= Rehbar Foundation =

Charitable trust in Mumbai, India

Rehbar Foundation is a registered charitable trust established in 2000 under the Bombay Public Trust Act, 1950. The foundation operates primarily in Mumbai, India, focusing on education, healthcare, and social welfare initiatives. Its programs aim to provide access to quality education, medical support, and community welfare services to underprivileged sections of society.

== History ==
The foundation was established with the aim of contributing to holistic societal development. Over the years, it has developed several flagship programs, including the Al Barkaat Malik Muhammad Islam English School and the Malik Rakiya Khatoon Dialysis Centre, to address key social needs in education and healthcare.

== Key Initiatives ==

=== Education ===
Rehbar Foundation manages the Al Barkaat Malik Muhammad Islam English School, which was established in 2006. The school is affiliated with the Central Board of Secondary Education (CBSE), Delhi (Affiliation No. 1130375). As of the latest available data, the school enrolls approximately 2,500 students, with plans for future expansion. The foundation supports students from economically weaker backgrounds by providing free education, books, uniforms, and tuition support.

=== Healthcare ===
The Malik Rakiya Khatoon Dialysis Centre was established by the foundation to provide hemodialysis treatment on a charitable basis. The centre operates at Shatabdi Hospital (Govandi, Mumbai) and Khan Bahadur Bhabha Hospital (Kurla, Mumbai), offering free dialysis services to patients unable to afford treatment. The centre has professional staff and trained nephrologists to ensure quality care.

The foundation also organizes medical camps and emergency ambulance services in underserved areas of Mumbai. These services include general health check-ups, free medicines, diagnostic tests, specialized care, and health awareness programs.

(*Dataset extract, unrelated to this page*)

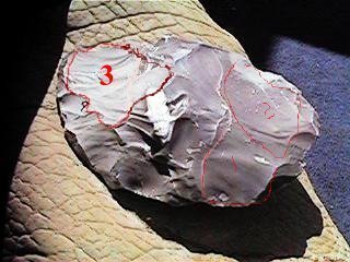 The first one is a pic of the flake I intend to take. My finger is on the platform I'm going to use and it points in the direction of the indirect blow. Notice the spur I left on the opposite face? That is something I do when I plan on getting an overshot. Or in case I get a shorter undesired flake I can remove the remnants from the opposite direction. The spur allows for correct contours and edge thickness and allows the flake a place to dive (when

=== Career Guidance and Skill Development ===
Rehbar Foundation conducts career guidance seminars and student counseling sessions in collaboration with educational partners, such as the SDI Team Ummeed. These programs provide students with information on higher education, scholarships, entrance examinations, career options, soft skills development, and professional mentoring.

=== Community Welfare ===
In addition to education and healthcare, Rehbar Foundation engages in various community welfare initiatives, including:

- Ambulance services and medical camps
- Support for senior citizens and women's empowerment programs
- Relief efforts during natural disasters and poverty alleviation initiatives

These programs aim to improve quality of life and create long-term social impact in Mumbai communities.